Monte Cassino

17 January – 18 May 1944

WW2 - Monte Cassino

After the landings at Salerno the American-British Fifth Army advanced up the coast road of Route 7 and the main road to Rome, Route 6. The Germans used delaying tactics to slow them down, to allow the construction of the Gustav Line: static defences running from coast to coast right across Italy.

The Facts

  • Date: 17 January – 18 May 1944
  • Location: Monte Cassino, Italy
Countries Involved
United Kingdom
United States
Free France
New Zealand
South Africa
Italian Royalist Army
German Empire
Italian Social Republic
Countries Commanders
Harold Alexander
Oliver Leese
Mark Clark
Albert Kesselring
Heinrich von Vietinghoff
F.V. Senger und Etterlin
Number of Casualties
Around 55,000 Around 20,000

Battle result: Allied victory

At Cassino, the position was also dominated by the massif of Monte Cassino: a huge rocky outcrop with the Cassino monastery on it which looked down on Route 6. No advance was possible here until that area was cleared and over the course of five months, four major battles were fought here. Initially the Americans tried to break through, but severed heavy losses along the Rapido River. In February 1944 British troops were convinced the Germans were in the monastery and it was decided to bomb it flat. An attempt to take the high points like Hill 593 and indeed the monastery itself failed.

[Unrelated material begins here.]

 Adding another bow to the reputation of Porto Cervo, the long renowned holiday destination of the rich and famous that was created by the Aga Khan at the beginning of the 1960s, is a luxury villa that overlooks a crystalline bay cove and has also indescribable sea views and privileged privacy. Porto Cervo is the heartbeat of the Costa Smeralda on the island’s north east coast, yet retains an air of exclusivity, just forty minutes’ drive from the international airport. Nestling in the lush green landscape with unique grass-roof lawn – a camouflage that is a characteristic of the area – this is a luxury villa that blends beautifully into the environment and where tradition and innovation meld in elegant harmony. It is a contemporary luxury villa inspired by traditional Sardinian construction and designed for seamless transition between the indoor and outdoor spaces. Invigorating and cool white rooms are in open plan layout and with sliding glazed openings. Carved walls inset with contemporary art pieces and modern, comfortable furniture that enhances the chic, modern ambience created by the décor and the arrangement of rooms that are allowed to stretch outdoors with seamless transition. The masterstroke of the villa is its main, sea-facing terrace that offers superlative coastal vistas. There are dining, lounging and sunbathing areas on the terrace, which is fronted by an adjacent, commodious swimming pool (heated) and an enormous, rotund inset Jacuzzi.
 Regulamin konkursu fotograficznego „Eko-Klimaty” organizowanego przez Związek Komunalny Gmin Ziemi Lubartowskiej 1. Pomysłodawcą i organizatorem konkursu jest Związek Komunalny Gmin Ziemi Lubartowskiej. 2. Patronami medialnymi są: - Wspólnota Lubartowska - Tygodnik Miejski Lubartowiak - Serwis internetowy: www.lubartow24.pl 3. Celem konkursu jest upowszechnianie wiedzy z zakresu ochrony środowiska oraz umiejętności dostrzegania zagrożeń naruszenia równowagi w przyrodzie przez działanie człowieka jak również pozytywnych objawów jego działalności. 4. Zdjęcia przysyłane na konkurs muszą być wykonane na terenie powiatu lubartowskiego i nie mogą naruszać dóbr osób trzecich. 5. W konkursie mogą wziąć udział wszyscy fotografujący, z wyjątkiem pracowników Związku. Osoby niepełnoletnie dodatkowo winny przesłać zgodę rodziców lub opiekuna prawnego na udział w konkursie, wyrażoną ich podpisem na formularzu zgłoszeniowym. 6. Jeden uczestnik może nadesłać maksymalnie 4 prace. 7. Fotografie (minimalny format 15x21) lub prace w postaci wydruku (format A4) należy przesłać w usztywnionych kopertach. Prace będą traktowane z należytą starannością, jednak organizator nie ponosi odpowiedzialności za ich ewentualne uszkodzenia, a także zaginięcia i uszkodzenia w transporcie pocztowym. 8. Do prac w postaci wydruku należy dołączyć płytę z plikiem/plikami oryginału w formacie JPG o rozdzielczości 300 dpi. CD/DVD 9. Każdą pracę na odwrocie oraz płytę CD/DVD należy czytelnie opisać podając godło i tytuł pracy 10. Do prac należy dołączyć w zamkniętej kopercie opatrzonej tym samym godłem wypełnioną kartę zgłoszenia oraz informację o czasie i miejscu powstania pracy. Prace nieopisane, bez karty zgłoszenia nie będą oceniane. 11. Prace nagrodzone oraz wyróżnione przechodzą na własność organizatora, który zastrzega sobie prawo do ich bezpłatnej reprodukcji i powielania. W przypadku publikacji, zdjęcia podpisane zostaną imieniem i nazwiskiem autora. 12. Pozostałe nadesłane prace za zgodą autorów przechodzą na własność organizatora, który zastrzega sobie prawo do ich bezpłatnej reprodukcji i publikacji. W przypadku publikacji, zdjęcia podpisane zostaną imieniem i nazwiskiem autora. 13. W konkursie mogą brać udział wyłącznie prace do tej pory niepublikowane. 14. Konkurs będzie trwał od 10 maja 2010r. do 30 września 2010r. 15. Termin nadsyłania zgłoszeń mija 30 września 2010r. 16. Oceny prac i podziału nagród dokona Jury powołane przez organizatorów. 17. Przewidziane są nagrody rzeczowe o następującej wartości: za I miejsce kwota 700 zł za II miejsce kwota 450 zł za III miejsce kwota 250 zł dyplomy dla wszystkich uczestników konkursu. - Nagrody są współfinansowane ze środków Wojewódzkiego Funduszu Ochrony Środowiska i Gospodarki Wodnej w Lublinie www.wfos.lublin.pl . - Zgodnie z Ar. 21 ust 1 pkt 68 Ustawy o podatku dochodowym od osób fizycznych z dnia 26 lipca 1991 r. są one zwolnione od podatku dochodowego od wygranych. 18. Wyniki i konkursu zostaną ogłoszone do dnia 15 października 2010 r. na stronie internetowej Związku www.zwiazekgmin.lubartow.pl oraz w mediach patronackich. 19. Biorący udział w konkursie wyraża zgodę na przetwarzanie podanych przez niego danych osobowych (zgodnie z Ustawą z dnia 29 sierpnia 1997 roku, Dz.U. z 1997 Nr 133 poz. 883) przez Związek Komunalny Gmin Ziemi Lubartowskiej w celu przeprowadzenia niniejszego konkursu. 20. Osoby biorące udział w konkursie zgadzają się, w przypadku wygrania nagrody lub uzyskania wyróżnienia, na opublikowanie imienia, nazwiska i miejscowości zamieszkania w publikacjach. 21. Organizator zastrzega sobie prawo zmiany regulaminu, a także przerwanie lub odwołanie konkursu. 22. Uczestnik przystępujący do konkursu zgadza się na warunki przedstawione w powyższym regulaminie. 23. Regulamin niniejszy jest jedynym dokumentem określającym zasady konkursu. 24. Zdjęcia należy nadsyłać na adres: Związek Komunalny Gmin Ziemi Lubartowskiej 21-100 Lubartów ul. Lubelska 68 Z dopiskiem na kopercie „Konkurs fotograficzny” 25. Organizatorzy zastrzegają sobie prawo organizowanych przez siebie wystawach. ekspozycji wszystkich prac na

In March 1944 there was heavy fighting in the town when New Zealand troops attacked and an attempt to take tanks to outflank Monte Cassino via a specially constructed route through the hills called Cavendish Road. But still it remained in German hands and it was not until the final battle in May 1944 that Monte Cassino and the Liri Valley was captured, allowing the advance up Route 6 to continue. Polish troops took the ruins of the monastery at this time, and in the Liri Valley British, Canadian and Indian troops broke the final area of the Gustav Line and its fall-back position, the Hitler Line. The battles of Monte Cassino had cost the Allies over 55,000 casualties in 1944.